Working from the top of the listing below, retype each line through the line containing "73036549 alte Postkarte", both included, with no pictures.

- COLLECTED MATERIAL:
● ● ● ● ●

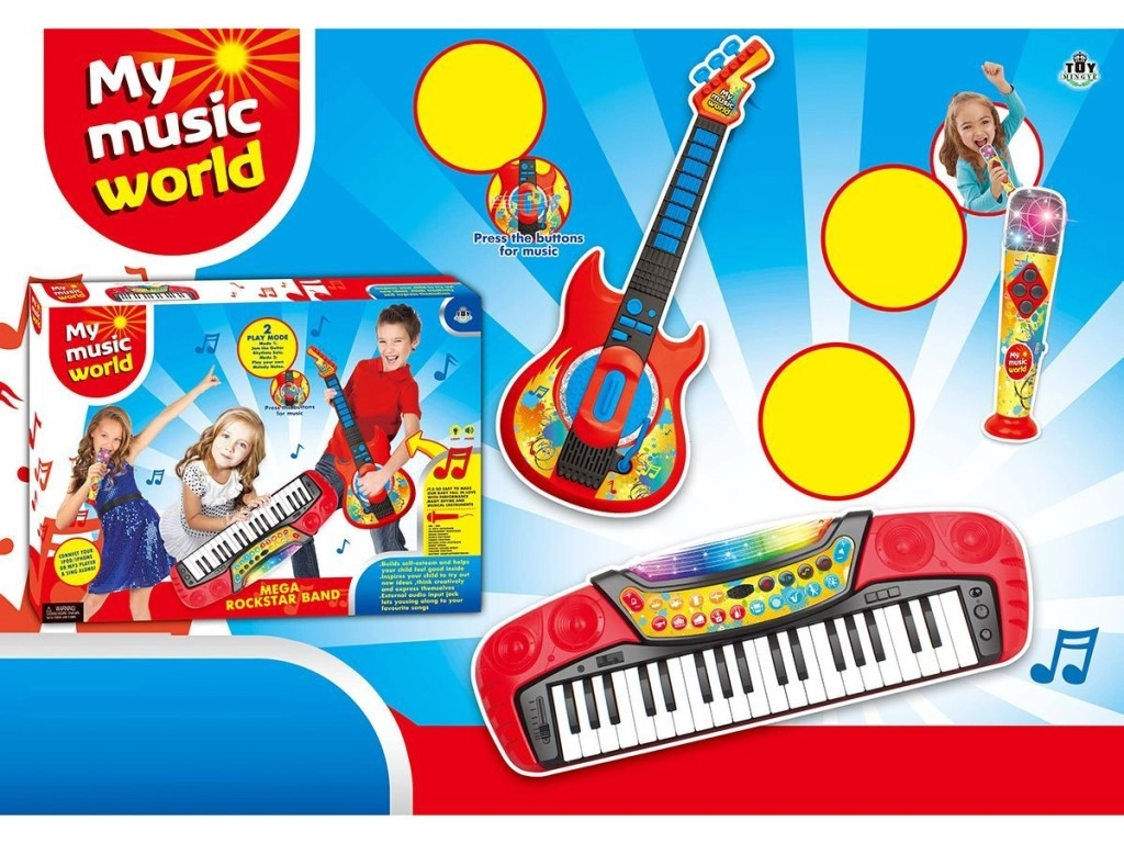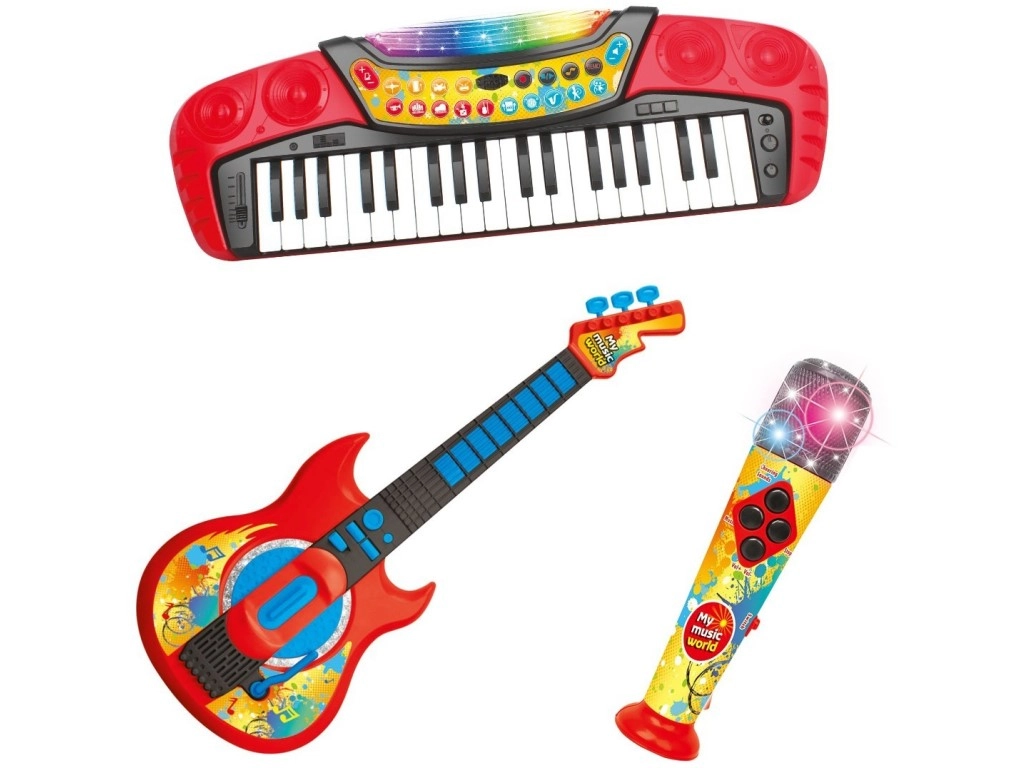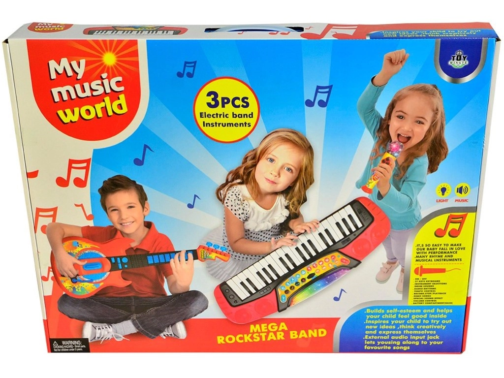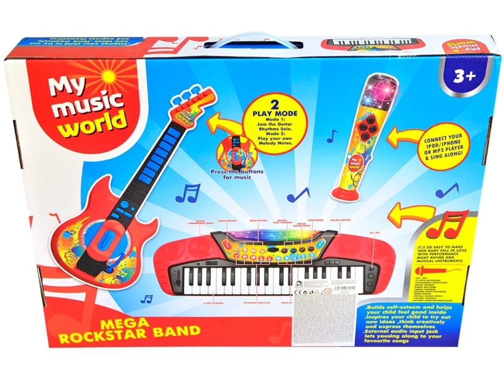 Ensemble 3-en-1 super amusant et interactif comprenant un piano électronique à 37 touches, une guitare et un micro. Idéal pour les petits musiciens !
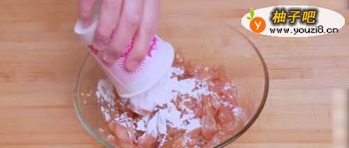 2鸡肉腌好后,再加入60g淀粉搅拌均匀。
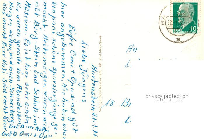 73036549 alte Postkarte Hartenstein Zwickau Burg Stadtansichten postalisch gelaufen Erhaltung siehe scans [KathaD81] KatCode: 11110014193130
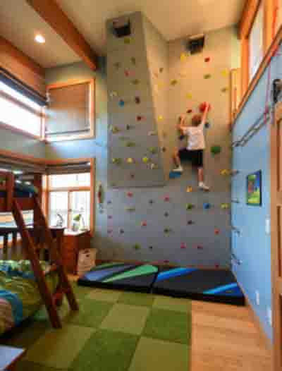 С 60-х годов XX века в детских комнатах появляются спортивные комплексы. Сначала обычные шведские стенки, затем более сложные сооружения. Развивается их промышленное производство. Но, домашние детские спортивные тренажёры до сих пор являются скорее исключением, чем правилом. Одна из последних тенденций «скалодромы». В то же время, следует учесть, что, несмотря на достаточно длительную практику разработки спортивных комплексов для детей, актуальными остаются вопросы безопасности. Впрочем, даже двухъярусную кровать нельзя назвать абсолютно безопасным местом (можно найти любопытную статистику, свидетельствующую о том, что в мире, ежегодно, около тысячи человек гибнет, падая с обычной кровати, и ещё больше людей гибнет, поскользнувшись в ванной).

● ● ● ● ●

- COMPLETED EXERCISE:
 Ensemble 3-en-1 super amusant et interactif comprenant un piano électronique à 37 touches, une guitare et un micro. Idéal pour les petits musiciens !
 2鸡肉腌好后,再加入60g淀粉搅拌均匀。
 73036549 alte Postkarte Hartenstein Zwickau Burg Stadtansichten postalisch gelaufen Erhaltung siehe scans [KathaD81] KatCode: 11110014193130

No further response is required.